Bean is currently part of a collaborative research team that is developing methods to provide better estimates of the size of the unauthorized Mexican population in the U.S. His previous work had found that research underestimates the size of the Mexican-born population in the country during economic-boom periods.

Another recent study revealed that immigrants have played a critical role in filling worker shortages in less-skilled jobs over the past two decades. Using statistics from the U.S. Census Bureau’s American Community Survey, he found that while the U.S. working-age population grew annually from 1990-2010, the number of less skilled, 25- to 44-year-old, U.S.-born workers with no higher education shrank at a considerably higher rate. At the same time, the number of less-skilled jobs in the economy remained constant, with foreign-born workers playing a critical role in keeping the U.S. economy afloat.

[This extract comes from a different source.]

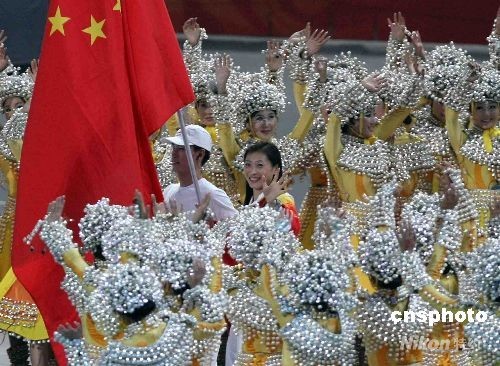 8月24日晚,第二十九屆夏季奧林匹克運動會在北京閉幕。33歲的羽壇老將、上屆及本屆奧運會羽毛球女子單打兩屆冠軍張寧擔(dān)任中國代表團旗手。中新社發(fā) 任晨鳴 攝

In April, Bean briefed members of Congress on the situation, noting that immigration reform was vital for filling what will continue to be a widening less-skilled workforce gap.

An elected member of the Council on Foreign Relations and a previous Guggenheim Fellow, Bean has also received prestigious competitively-awarded positions at the American Academy in Berlin, the Russell Sage Foundation in New York, and the Transatlantic Academy/German Marshall Fund in Washington, D.C.  He is a frequent panelist and invited speaker on issues pertaining to immigration and immigrant integration at meetings around the world.

His research has been supported by the National Institutes of Health, Hewlett Foundation, Russell Sage Foundation, U.S. Census Bureau, National Science Foundation, Andrew W.  Mellon Foundation, and others.

Bean studied at Oberlin College and received a bachelor’s in sociology from the University of Kentucky and a master’s and Ph.D. in sociology from Duke University. He spent nearly 30 years as a professor at the University of Texas at Austin where he chaired the sociology department and founded the Center for Research on Migration and the U.S./Mexico Border. While on leave from Texas, he founded the Population Studies Center and RAND/Urban Institute Program for Research on Immigration Policy at The Urban Institute in Washington, D.C. Bean came to UCI in 1999 and in 2006 he was named a UCI Chancellor’s Professor.